To load a module named MODULE, run the command:

module load MODULE

Note that most modules names are of the form NAME/VERSION. Specifying just NAME (without the /VERSION), will automatically load the latest version. Loading a module may automatically load other modules it depends on. To see what modules you have loaded, run:

module list

To unload a module, run:

module unload MODULE

To unload all modules currently loaded, run:

module purge

Working with Eclipse

The first thing to remember is that, to run an executable by issuing a command from the terminal, if the executable is not on the path (i.e., environment variable $PATH), you need to specify the directory - even if it is the current directory. Linux is different than Windows in that regard. Thus, even if you have been “cd..” to the eclipse folder where the ecplise executable file exists, you still need to run the following command

./eclipse

instead of just typing

eclipse

And this is true for all executables, not just Eclipse!!! I wrote a shortcut script as below, named it as “runClips” and put it in my home directory bin folder (path in $PATH), so that whenever I need to run Eclipse, I only need to type “runClips” at the command line.


#!/bin/bash
cd /home/linly/eclipse
./eclipse -vm /usr/java/jdk1.7.0_60/bin/java &

The -vm option is recommended, as it specifies a specific JVM for Eclipse to run on.Doing this ensures that you are absolutely certain which JVM Eclipse will run in and insulates you from system changes that can alter the “default” JVM for your system. Some useful options when you need to clean up a mess are

-clean: Cleans cached data used by the OSGi framework and Eclipse runtime. Try to run Eclipse once with this option if you observe startup errors after install, update, or using a shared configuration.
-initialize: Initializes the configuration being run. All runtime related data structures and caches are refreshed. Handy with shared installs: running Eclipse once with this option from an account with write privileges will improve startup performance.

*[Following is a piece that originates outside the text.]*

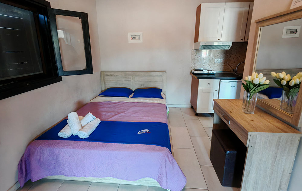 Kuća Alfa Alfa nalazi se na najboljoj lokaciji na oko 30m od gradske plaže u najlepšem delu Neos Marmarasa u neposrednoj blizini igrališta. Kuća je u rustičnom stilu. Većina studija i apartmana imaju prelep bočni pogled na more. Kuća ima SAT TV, WIFI kao i klima uređaje čije je korišćenje uključeno u cenu. Studiji na drugom spratu su manje kvadrature i imaju prolaznu terasu zbog čega imaju i nižu cenu.

Eclipse startup is also controlled by the options in eclipse.ini . eclipse.ini is a text file (often in your Eclipse installation directory) containing command-line options that are added to the command line used when Eclipse is started up. There are many options available. However, it is recommanded that you experiment with changes to the launch command from your Command Prompt/Terminal before changing the eclipse.ini itself. Only the changes that you are pretty certain should go in eclipse.ini. The default setting of the JVM I used (indicated a few lines above) is as follows.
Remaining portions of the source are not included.